Paradoxically the loss of the outer and inner Soviet empires have made Russia a much more European state than the Soviet Union ever was. The European Union, and indeed Euroland, is only 1,000 km away from Moscow, a mere 200 km from St. Petersburg, "The Northern Capital" as St. Pete is again being affectionately called.

Even after the contraction of the space ruled by Moscow, north-west is the direction where the Russian heartland is closest to the outside world. Today Russia borders one member state of the Union – Finland. In the foreseeable future the Union will gain four new members bordering Russia. These are Poland, Lithuania, Latvia and Estonia. Some day, hopefully, the EU will even gain a fifth new member sharing a border with Russia, i.e. Norway. The Baltic Sea and Northeastern Europe fringing it is where we can discern the geographical finalité of the European Union.

The post-Soviet space can show very few success stories. The Baltic States, Estonia, Latvia and Lithuania, are the only ones that come to mind, consolidated and firmly set on a path of European integration.

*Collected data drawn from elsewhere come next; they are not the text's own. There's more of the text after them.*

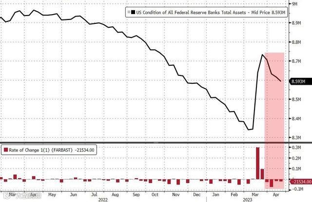 据美联储公布的数据显示,截至4月19日一周美联储的资产负债表规模环比前一周缩水215.34亿美元,连续缩水四周。截至4月5日当周,一周内缩减735.58亿美元,创2020年7月以来美联储资产负债表的最大单周降幅。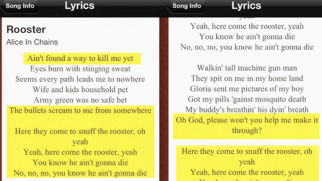 On the 2-hour ride to and from Monkey Island that day, I kept singing the song “Rooster” by the band “Alice in Chains,” but I only knew two verses to the song, and I just kept singing those two verses in a silly loud way, and Hong and I laughed the whole time. I didn’t even hear the song recently, but it popped into my head for some reason. I never even listened to Alice in Chains other than hearing them occasionally on the radio. I didn’t have any of their songs in my 22,000-song iPod either. I never sang a song to Hong for more than 15 seconds the whole time we were together, but this song I sang for at least 90 minutes between the rides there and back. I didn’t even know what the song meant. I thought it was about a real Rooster being slaughtered for dinner; it wasn’t until I had moved back to America in early 2012 that I heard the song and listened to the words and realized it was about an American Soldier in Vietnam. The only song I ever sang to Hong repeatedly was a song about an American nicknamed “the Rooster” surviving his Vietnamese enemies during numerous attempts where they tried to kill him. What are the odds of that? I don’t know even one other song that describes an American surviving over in Vietnam; the odds must be more than a million to 1. I think God planted that in my head as humor! I didn’t realize how meaningful that song was in describing my future until long after leaving Vietnam. The lyrics to the song are below; the real “Rooster” was “Alice in Chains” Band Member Jerry Cantrell’s Father that survived death on many occasions while in the Vietnam War. I highlighted the verses that hit home the most, even though I only knew two verses at the time.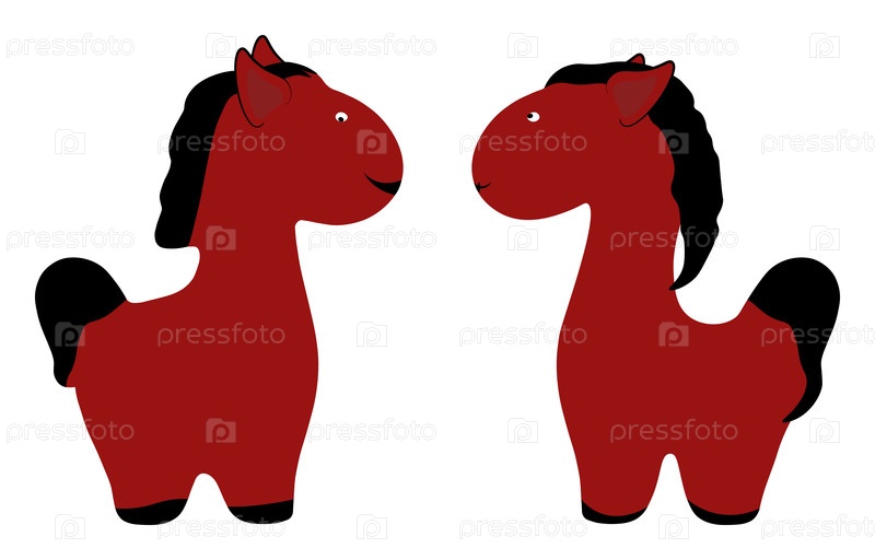 Два милых красных пони лицом друг к другу, иллюстрация векторной пары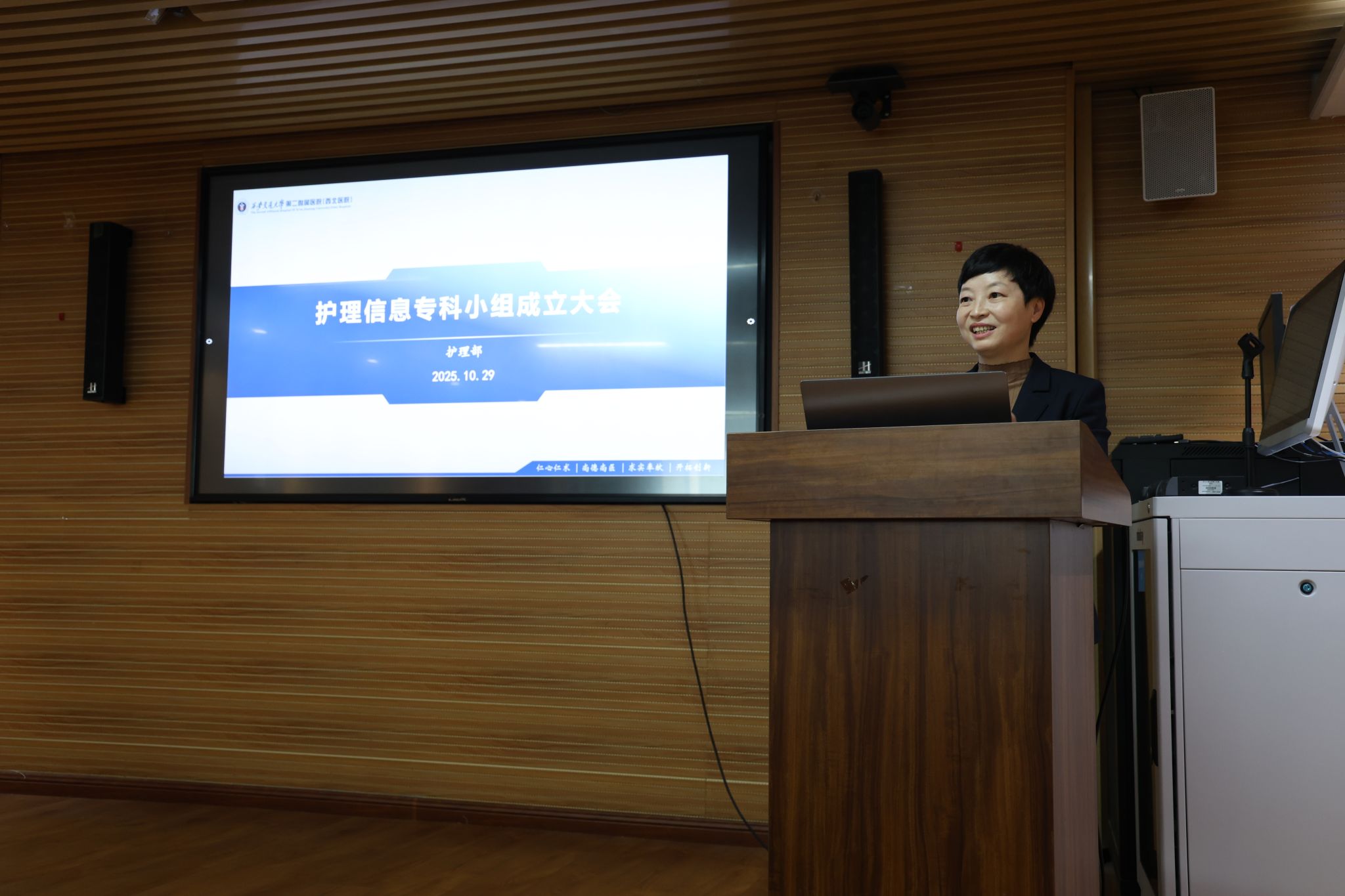 杨惠云主任为大会致开幕辞。她首先对小组的成立表示热烈祝贺,并指出,信息系统的持续优化,其根本动力和智慧源泉始终来自于临床一线的医护同仁。她希望小组的成立能够为未来申报信息相关科研项目、促进资源共享、开阔管理思路提供关键平台,并为护理专业的精细化、智能化发展提供坚实的技术支撑。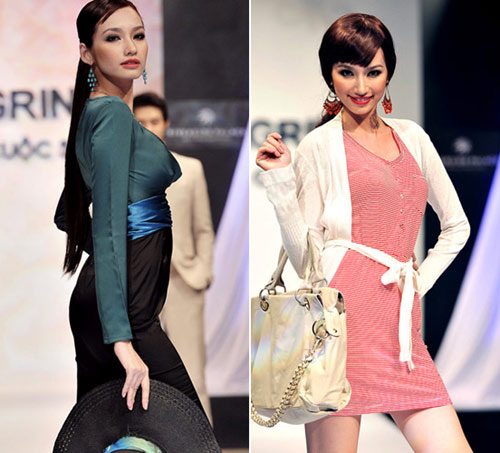 Trong hai bộ đồ của Kathy Uyên và Thân Thúy Hà, chiếc vòng màu sắc đều là điểm gây chú ý trước tiên. Trong nguyên tắc điểm nhấn này, những phụ kiện bản lớn hoặc độc đáo sẽ giúp một bộ trang phục trơn, đơn giản trở nên phong cách.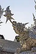 The principal building, the ubosot, is an all-white building with fragments of mirrored glass embedded in its exterior. It embodies design elements from classic Thai architecture, such as the three-tiered roof and abundant use of Nāga serpents.[5] "Inside the temple, the decor swiftly moves from pristine white to fiery and bewildering. Murals depict swirling orange flames and demon faces, interspersed with Western idols such as Michael Jackson, Neo from The Matrix, Freddy Krueger, and a T-800 series Terminator. Images of nuclear warfare, terrorist attacks such as the World Trade Center attack, and oil pumps hammer home the destructive impact that humans have had on earth. The presence of Harry Potter, Superman, and Hello Kitty confuses the message somewhat, but the overall moral is clear: people are wicked.[8]

Compared with the rest of the CIS states against any criteria, Russia herself is a country of reforms and economic opportunity that attracts immigrants from all over the CIS.

Today, all of Russia’s borders constitute growing fault lines for different reasons. Only on its border with the EU and its future member states is the gap growing to the disadvantage of Russia. The essence of the chasm at the western border of Russia is the risk of being cut off from the dynamism of the enlarging EU and having to face self-inflicted isolation behind a growing normative divide.

Despite a history of invasions from the West, west is today the only benign direction for Moscow. West is also the direction of Russian exports that have during the past ten years secured Russia a hefty annual trade surplus. The Russia of today is much more dependent on foreign trade than the Soviet Union ever was. An exceptionally high part of Russian GDP is generated by foreign trade. Forty per cent of her trade goes to the EU, and the share will rise to fifty per cent after the enlargement of the Union. Russian gas will never heat – or cool – American homes.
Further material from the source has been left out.